The University of Washington’s Institute for Health Metrics and Evaluation predicted in March that the pandemic could kill more than 81,000 people in July.

In its latest statement in mid-July, the IHME said its model now projects the death toll to more than 230,000 on November 1.

Fauci said that when cases initially declined in May after they caught on mainly in the Northeast, cases reached a baseline of about 20,000. He said that even 20,000 new cases every day were “not a favorable baseline.”

Dr. Deborah Birx, the head of the White House coronavirus task force, warned on Sunday that the US has entered a new phase of the outbreak with infections that are “extraordinarily widespread” in both rural areas and cities.

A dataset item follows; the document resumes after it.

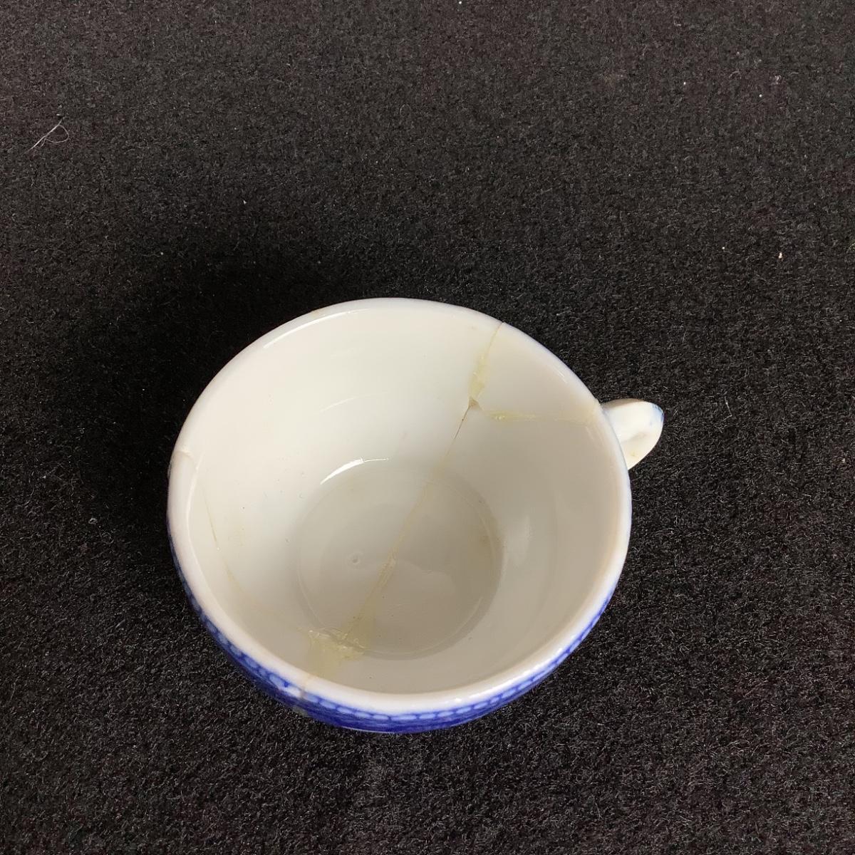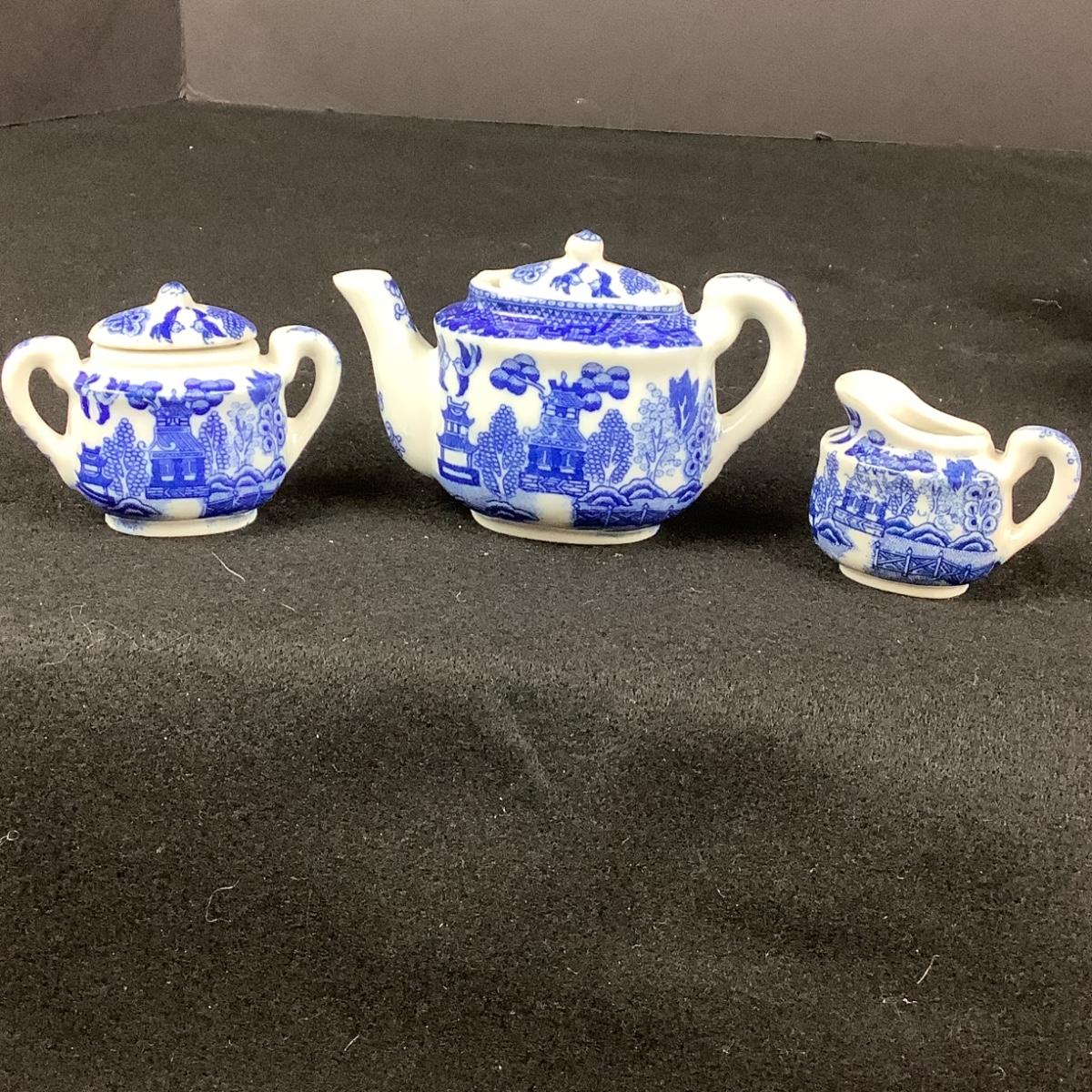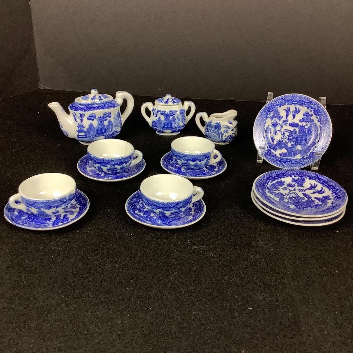 Childs Blue Willow Tea Set 15pcs. 1 Cup has been repaired, 1 Cup has chip. See Pictures!

As coronavirus cases continue to increase in much of the country, public health officials are trying to work with governors to tailor responses for each state.

“We are in a new phase,” Birx told CNN’s State of the Union. “What we see today is different from March and April. It is extremely widespread. ‘

Birx warned that people living in multi-generation households in an area experiencing an outbreak should wear masks at home to protect the elderly or those with underlying conditions.

She said federal officials have been working on individual reports for each state by examining community trends and hospital data.

“Each of these responses needs to be dramatically tailored,” she said, adding that what she’d visited in 14 states over the past three weeks was a cause for concern.

“As I traveled across the country, I saw all of America moving,” said Birx. “If you’ve chosen to go on vacation to a hotspot, you really have to come back to protect people with comorbidities and assume you’re infected.”